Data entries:
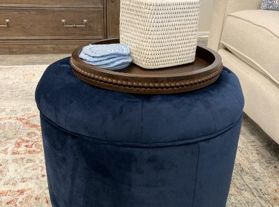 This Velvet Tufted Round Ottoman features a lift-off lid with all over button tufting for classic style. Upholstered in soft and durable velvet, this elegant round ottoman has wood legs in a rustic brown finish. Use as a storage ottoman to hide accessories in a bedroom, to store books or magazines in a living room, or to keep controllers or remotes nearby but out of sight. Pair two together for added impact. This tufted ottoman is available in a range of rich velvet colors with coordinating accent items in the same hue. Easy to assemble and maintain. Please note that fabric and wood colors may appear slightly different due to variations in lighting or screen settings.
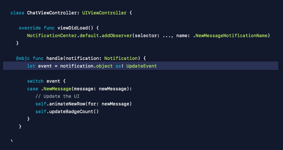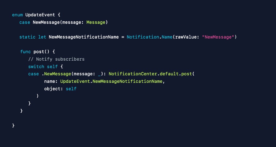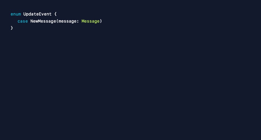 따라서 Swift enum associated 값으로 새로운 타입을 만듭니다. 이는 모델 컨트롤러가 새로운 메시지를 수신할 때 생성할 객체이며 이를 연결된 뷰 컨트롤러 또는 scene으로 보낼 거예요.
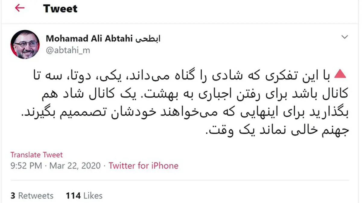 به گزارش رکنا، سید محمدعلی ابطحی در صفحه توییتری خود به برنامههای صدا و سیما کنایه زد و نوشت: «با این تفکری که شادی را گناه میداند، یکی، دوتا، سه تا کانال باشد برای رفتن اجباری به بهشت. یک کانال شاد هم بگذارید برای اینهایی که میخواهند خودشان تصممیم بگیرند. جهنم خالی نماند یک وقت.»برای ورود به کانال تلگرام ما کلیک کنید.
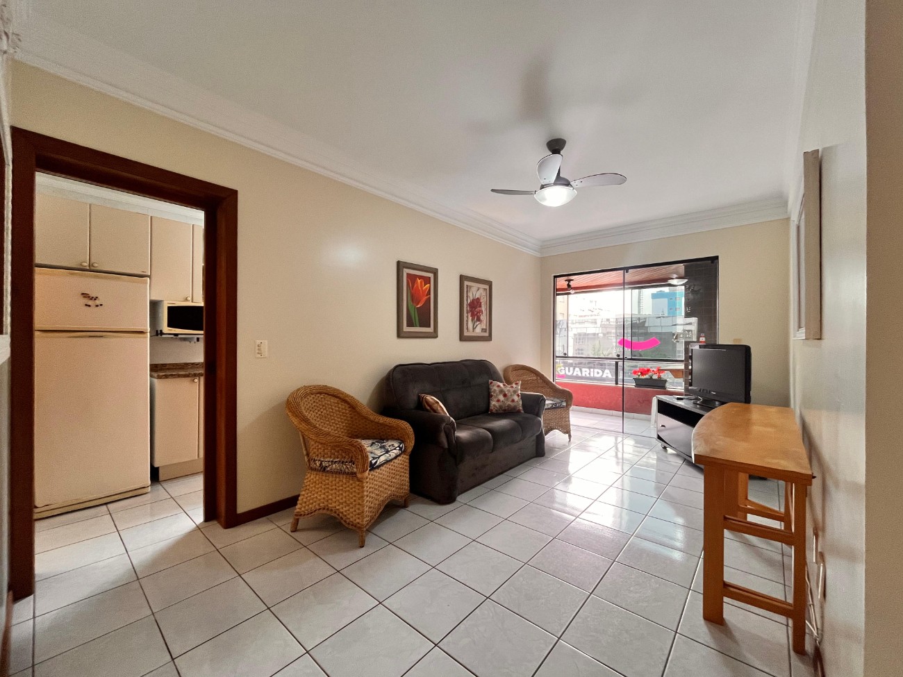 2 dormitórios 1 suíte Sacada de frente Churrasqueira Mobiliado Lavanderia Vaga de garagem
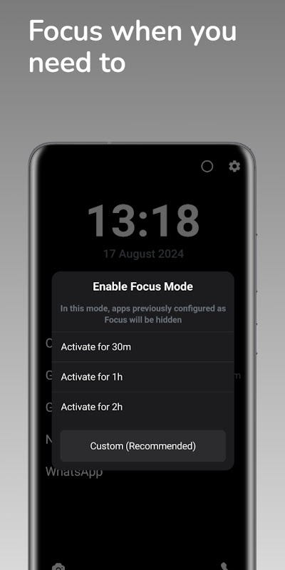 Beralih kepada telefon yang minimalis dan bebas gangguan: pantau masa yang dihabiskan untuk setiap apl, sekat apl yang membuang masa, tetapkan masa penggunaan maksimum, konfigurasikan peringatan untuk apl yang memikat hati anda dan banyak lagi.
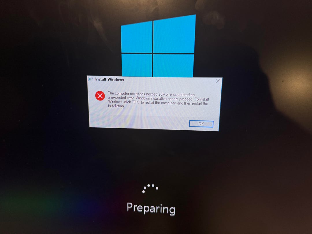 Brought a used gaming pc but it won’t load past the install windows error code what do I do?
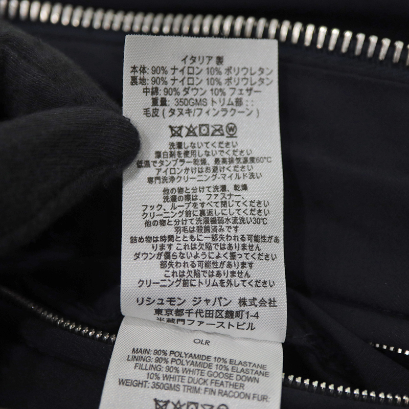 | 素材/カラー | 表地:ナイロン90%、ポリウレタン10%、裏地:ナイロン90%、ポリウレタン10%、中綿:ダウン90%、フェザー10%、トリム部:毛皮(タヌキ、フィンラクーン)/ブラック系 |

**Required work**
Word for word, repeat only the lines from the line containing "따라서 Swift enum" through the end of the data, without any pictures.

**Result**
 따라서 Swift enum associated 값으로 새로운 타입을 만듭니다. 이는 모델 컨트롤러가 새로운 메시지를 수신할 때 생성할 객체이며 이를 연결된 뷰 컨트롤러 또는 scene으로 보낼 거예요.
 به گزارش رکنا، سید محمدعلی ابطحی در صفحه توییتری خود به برنامههای صدا و سیما کنایه زد و نوشت: «با این تفکری که شادی را گناه میداند، یکی، دوتا، سه تا کانال باشد برای رفتن اجباری به بهشت. یک کانال شاد هم بگذارید برای اینهایی که میخواهند خودشان تصممیم بگیرند. جهنم خالی نماند یک وقت.»برای ورود به کانال تلگرام ما کلیک کنید.
 2 dormitórios 1 suíte Sacada de frente Churrasqueira Mobiliado Lavanderia Vaga de garagem
 Beralih kepada telefon yang minimalis dan bebas gangguan: pantau masa yang dihabiskan untuk setiap apl, sekat apl yang membuang masa, tetapkan masa penggunaan maksimum, konfigurasikan peringatan untuk apl yang memikat hati anda dan banyak lagi.
 Brought a used gaming pc but it won’t load past the install windows error code what do I do?
 | 素材/カラー | 表地:ナイロン90%、ポリウレタン10%、裏地:ナイロン90%、ポリウレタン10%、中綿:ダウン90%、フェザー10%、トリム部:毛皮(タヌキ、フィンラクーン)/ブラック系 |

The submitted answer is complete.